Сговорились быстро. Птицеловы попросили половину вперёд: законный ход.
Мы подождали, пока они соберут свои клетки и корзины, и всей шайкой – пятеро деловых – отправились в меняльную лавку.
При входе, хоронясь в жидкой тени, стоял огромный гридь, оснащённый увесистым сажалом; он пустил за порог только двоих: меня и одноглазого птицелова.
Кирьяк, Митроха и второй птицелов остались ждать на улице.
Деньга принадлежала мне, поэтому в двери лавки вошёл именно я. Хотя, наверное, лучше было бы доверить сложную затею опытному Митрохе. Но гридь сразу спросил, кто из нас подлинный владелец ценности, – и я шагнул вперёд.
В лавке от жары, духоты и волнения у меня закружилась голова, но я подышал носом и кое-как перемогся.
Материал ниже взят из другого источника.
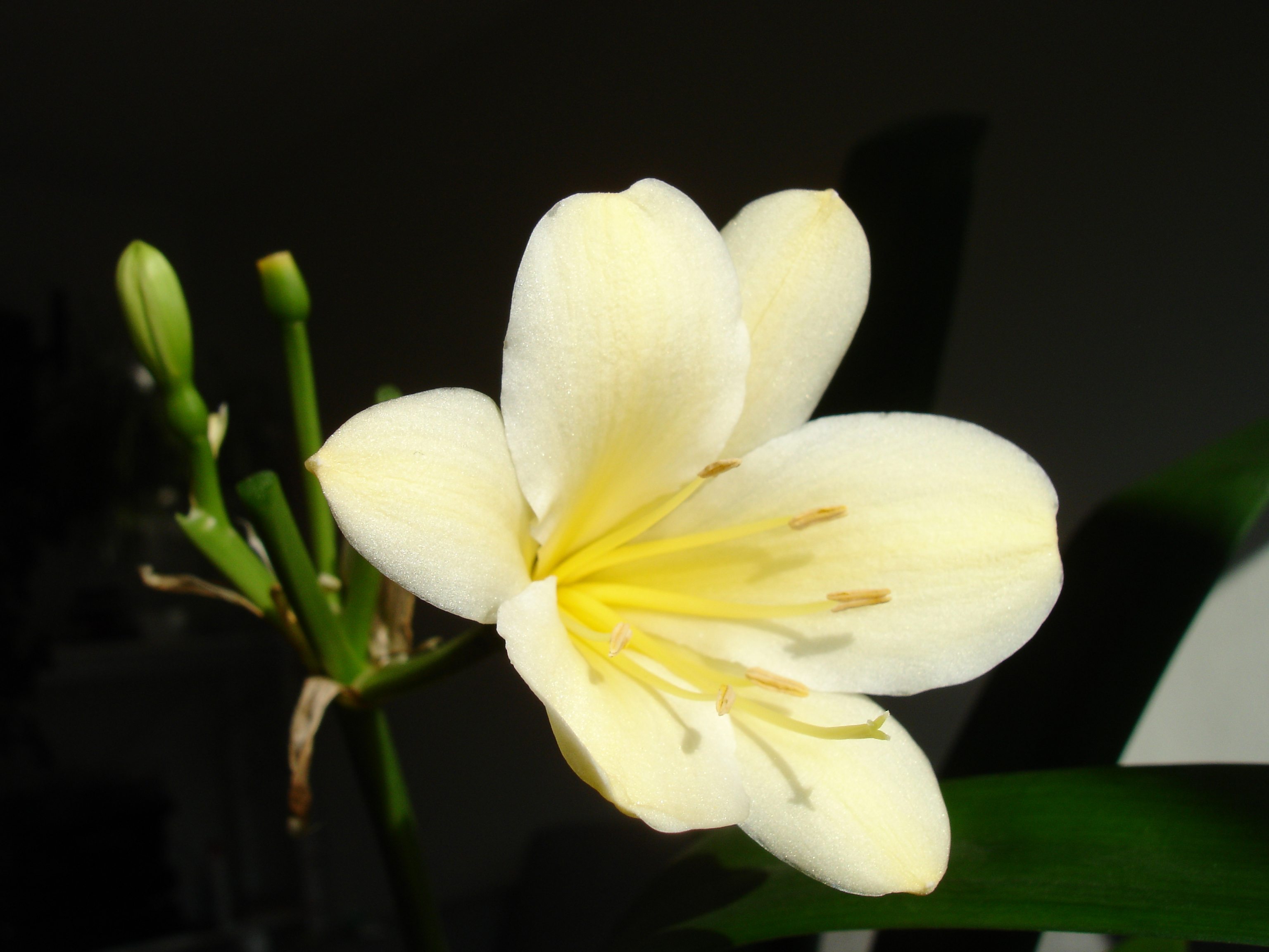 Clivia miniata, yellow cultivar "CITRINA". Last flower of †he wilting plant.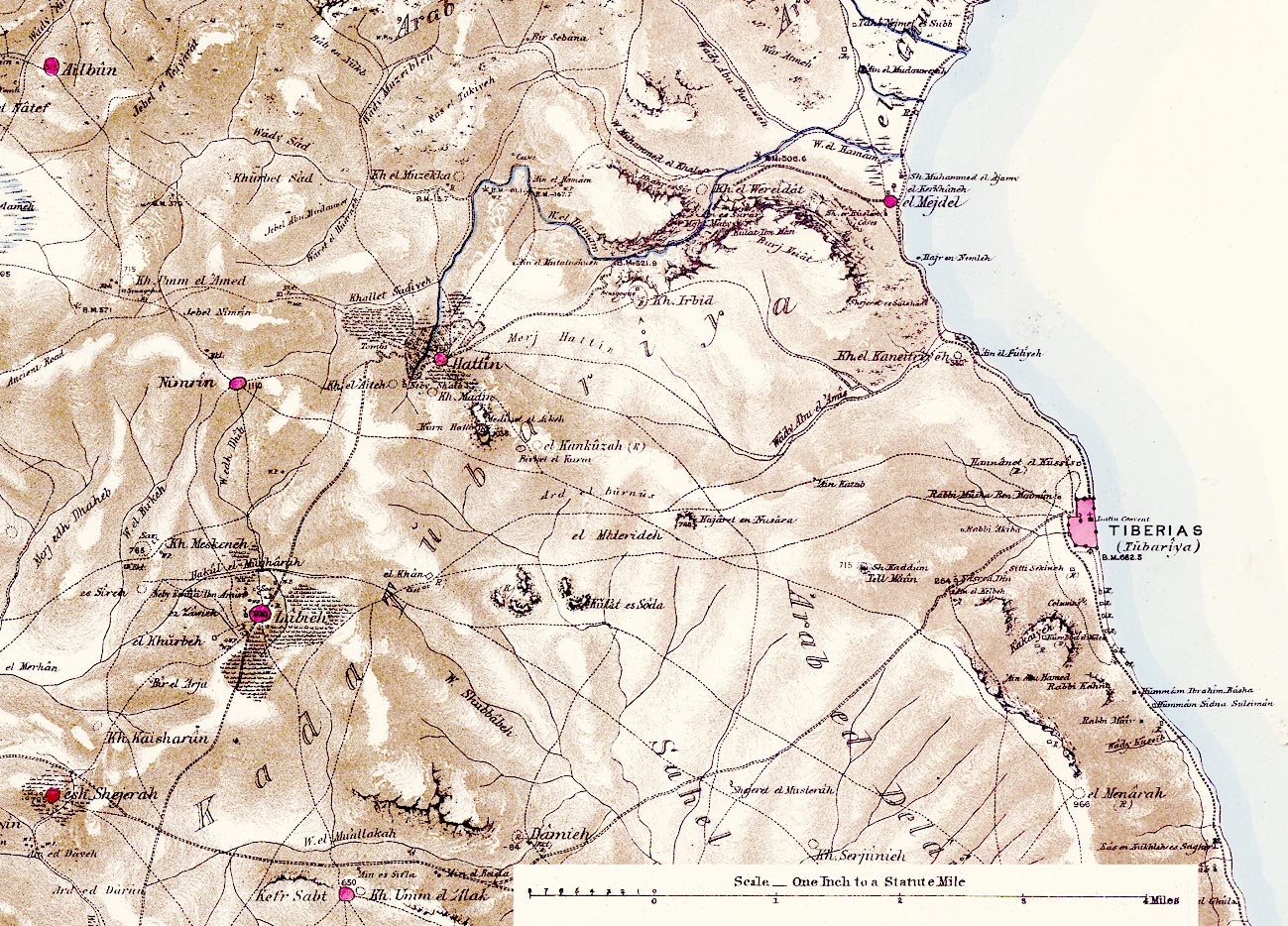 Portion of map produced by the Survey of Western Palestine, first published in 1880 by the Committee of the Palestine Exploration Fund. The editor, Walter Besant, died in 1901. This portion comes from Sheet 6.

Меняла – жирный, белокожий малый с редкой бородёнкой, одетый в облегающий кафтанчик со слегка засаленным собольим воротником – сходу вежливо предложил обменять мою целую деньгу на другие две половины, уже загодя разрубленные. Однако я, не будь дурак, решительно отказался и попросил разрубить именно мою деньгу, причём непременно в моём присутствии. Меняла не стал возражать: ушёл в заднюю, особную хоромину, с усилием отворив низкую дубовую дверь.
Я впервые видел в доме такое обилие дорогостоящего железа. Оконце закрывала частая кованая решётка – голову не просунуть; рядом с дверью висел на петле тяжёлый засов, а сама дверь была по углам обложена треугольными пластинами. Всё железо тускло блестело, недавно натёртое салом, – чтоб не ела ржа.
Меняла вернулся: принёс особую каменную наковаленку, зажатую в крепкую деревянную оправу, и топорик с полированной рукоятью, и увесистый медный молоток. Положил мою деньгу на плоский камень, утвердил точно поперёк деньги лезвие топорика, и по его обушку умело, резко шарахнул молотком, разъяв серебряную ценность на две части. И тут же бросил обе половинные деньги на весы, и ткнул гладким розовым пальцем:
– Ровно.
За такую услугу платить не полагалось. Любой меняла в любой меняльной лавке, хоть в Резане, хоть в Муроме, был обязан по первому требованию владельца разделить целую деньгу на две, на три, на четыре, на восемь частей. За такой навык меняле благоволил лично князь, или ярл, или родовой старшина – тот, на чьей земле меняла действовал.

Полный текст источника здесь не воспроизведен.